**EXERCISE BRIEF**
Search the records below for the word "bengkel". Pull out each line that has it.

Items from a dataset
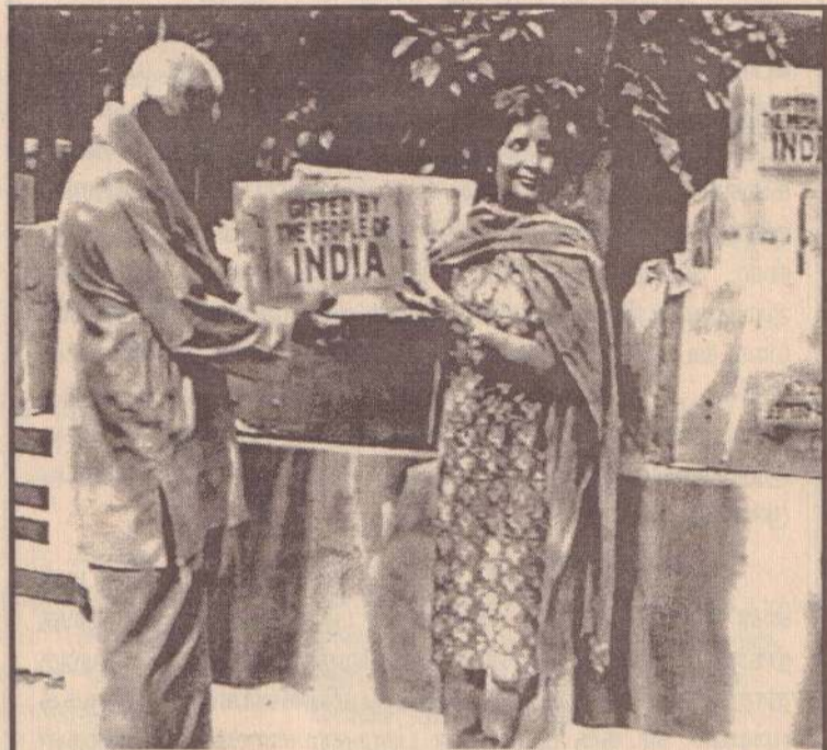
இந்திய உயர்ஸ்தானியர் திருமதி நிருபமா ராவ் அவர்கள் சுனாமியால் பாதிக்கப்பட்ட மக்களுக்கு நிவாரணப்பொருட்களை இராமகிருஷ்ணமிசன் ஊடாக வழங்குகிறார்.

யல் கட்சிகளும் சமூக அக்கறை கொண்ட கல்விமான்கள் மற்றும் சிவில் சமூகத்தாரும் தயாராக வேண்டும். பிரமிட் வடிவிலான எமது அதிகார கட்டமைப்பு சாதாரண மக்களை எப்போதும் இரண்டாம் பட்சமானதாகவே கருதுகிறது.
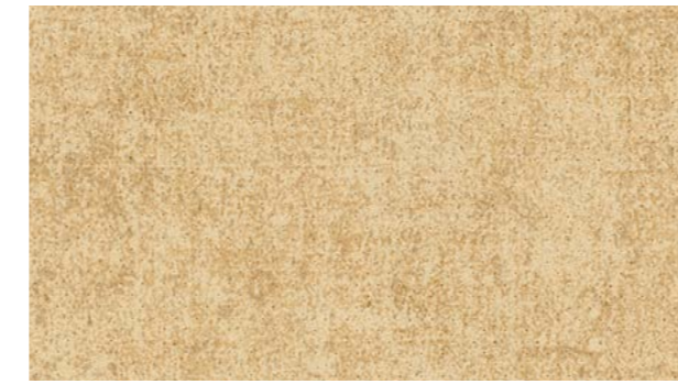
VSTO 9171 03 51
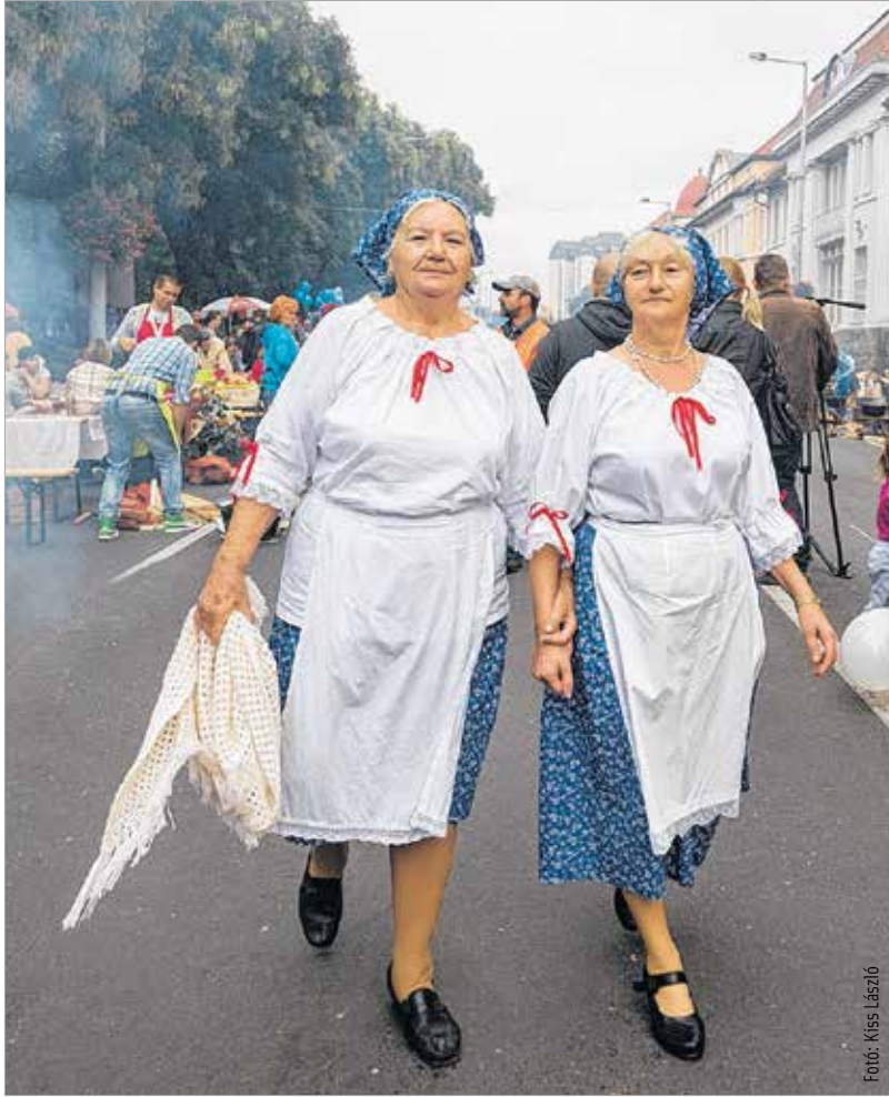
Kétfestőben, ketten, párban
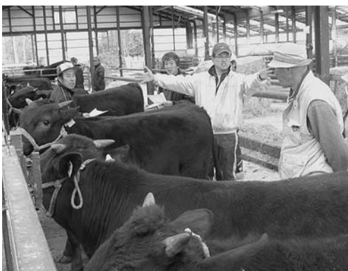
出陳間際の素牛をそれぞれ品評しています。
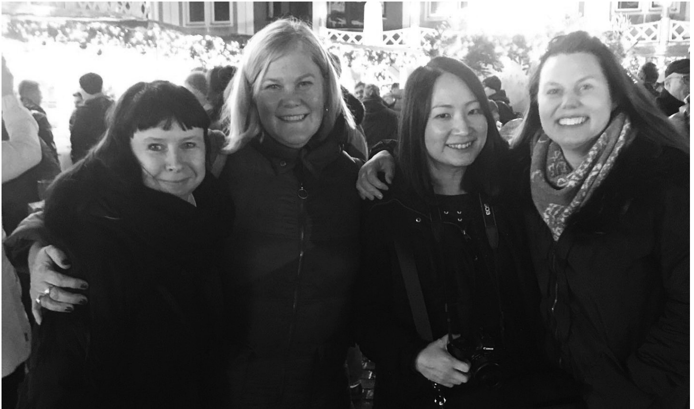
Üks osa Luterliku Maailmaliidu lauluraamatu komisjoni liikmetest Eestist, Rootsist, Malaisiast ja Saksamaalt Leipzgis, november 2022.

sellises segameeskonnas, kus osalejad Itaaliast, Saksamaalt, Inglismaalt, Belgiast, Serbiast ja Eestist, õpetab kannatlikkust. Kohati ka sellist „las minna“ mentaliteeti, mis pole mulle üldse omane, aga mida rohkem ma seda rakendan, seda rahulikum on enda elu – ei mõtle, ega muretse üle. Olen kindel, et kõik saab tehtud!
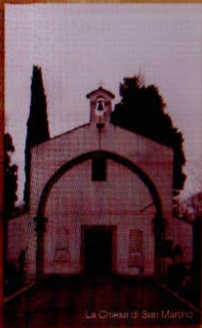
La Chiesa di San Martino
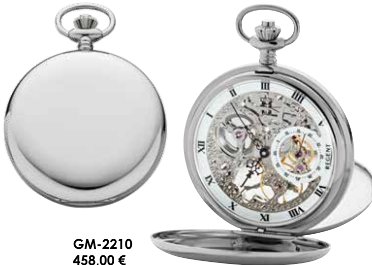
GM-2210 458,00 €

Edelstahl, Hesalitglas, rückseitig Mineralglas, Ø 53 mm
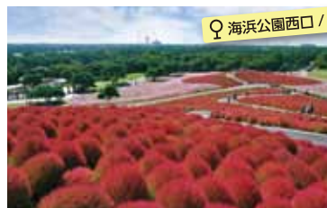
♀ 海浜公園西口 / 南口
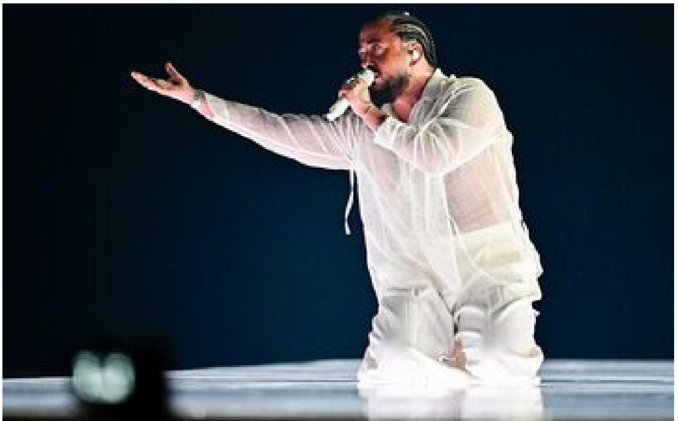
Eurovision 2024 : Slimane interrompt sa performance lors des répétitions et livre un discours sur la paix
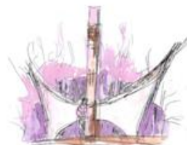
Zespół Szkół Ponadgimnazjalnych w Chojnie
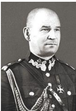
gen. Józef Zajac
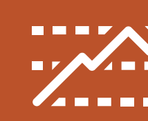
gráfico de altimetria elevation graphic
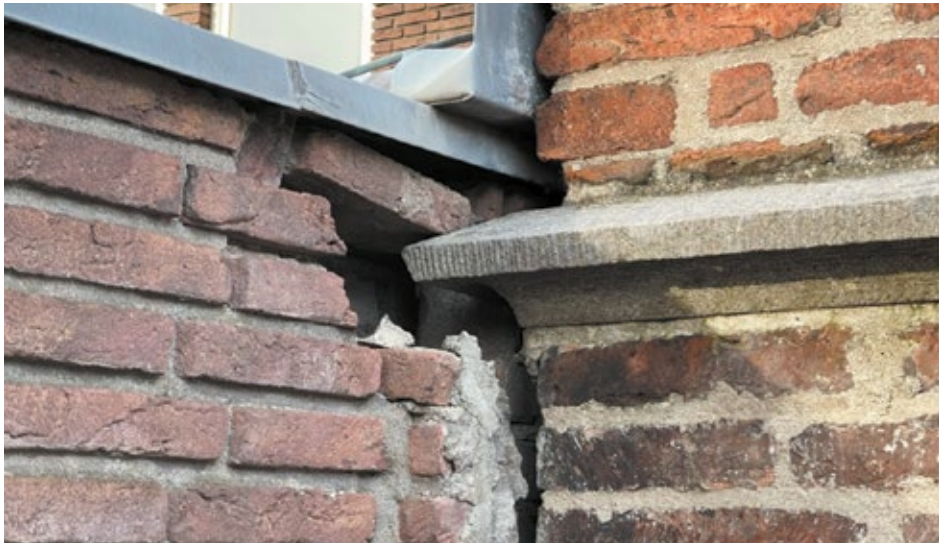
De verzakte tuinmuur
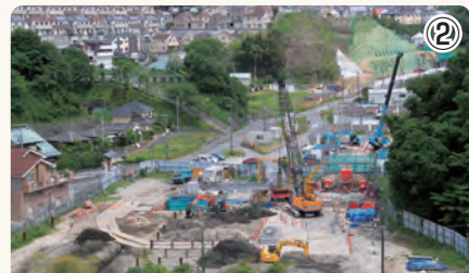
▲ 手前が高速道路本線部分の掘割工事区間。地下水対策の井戸を掘る工事を行っています
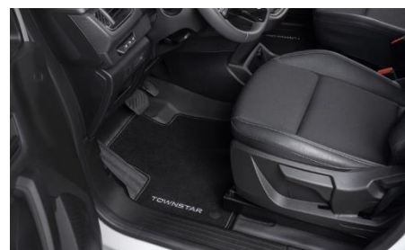
Welurowe dywaniki przednie 2 sztuki
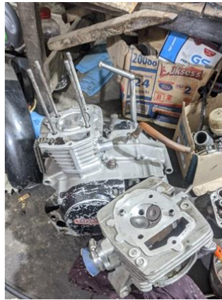
Gambar mesin milik Andre sebelum Dilakukan upgrade mesin di bengkel Calm Motor Classic

pesanannya, saudara Andre langsung datang ke bengkel Calm Motor Classic karena dirasa lokasi bengkel Calm Motor Classic tidak jauh dari rumahnya.
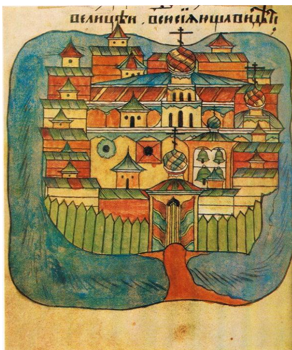
Рисунок А.6 – Монастырский ансамбль XVII века. Миниатюра из «Жития Антония Сийского» 1648 года. Бумага, темпера. Собрание Щукина, № 750, л. 168 об.
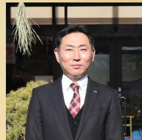
ニッセイエコ社屋玄関前にて

この度の能登半島地震により亡くなられた方々のご冥福をお祈り申し上げます。また、被災された皆様にお見舞い申し上げますとともに、一刻も早い復興がなされますよう、心よりお祈り申し上げます。
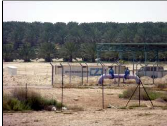
Culture intensive de palmiers dattiers dans une colonie agricole
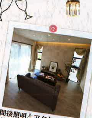
間接照明とアクセント クロスで上品な内装に♪
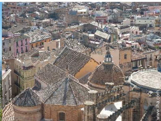
Nahe gelegene Städte
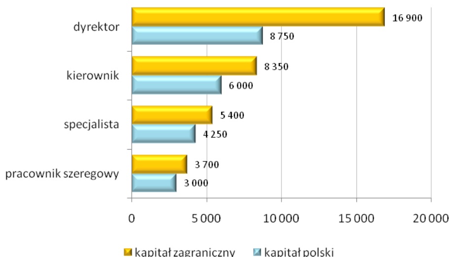
Wykres 1. Wynagrodzenia informatyków w firmach o różnym kapitale
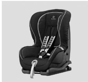
Kindersitz DUO plus, mit ISOFIX

**RESULT FOR THIS TASK**
Gambar mesin milik Andre sebelum Dilakukan upgrade mesin di bengkel Calm Motor Classic
pesanannya, saudara Andre langsung datang ke bengkel Calm Motor Classic karena dirasa lokasi bengkel Calm Motor Classic tidak jauh dari rumahnya.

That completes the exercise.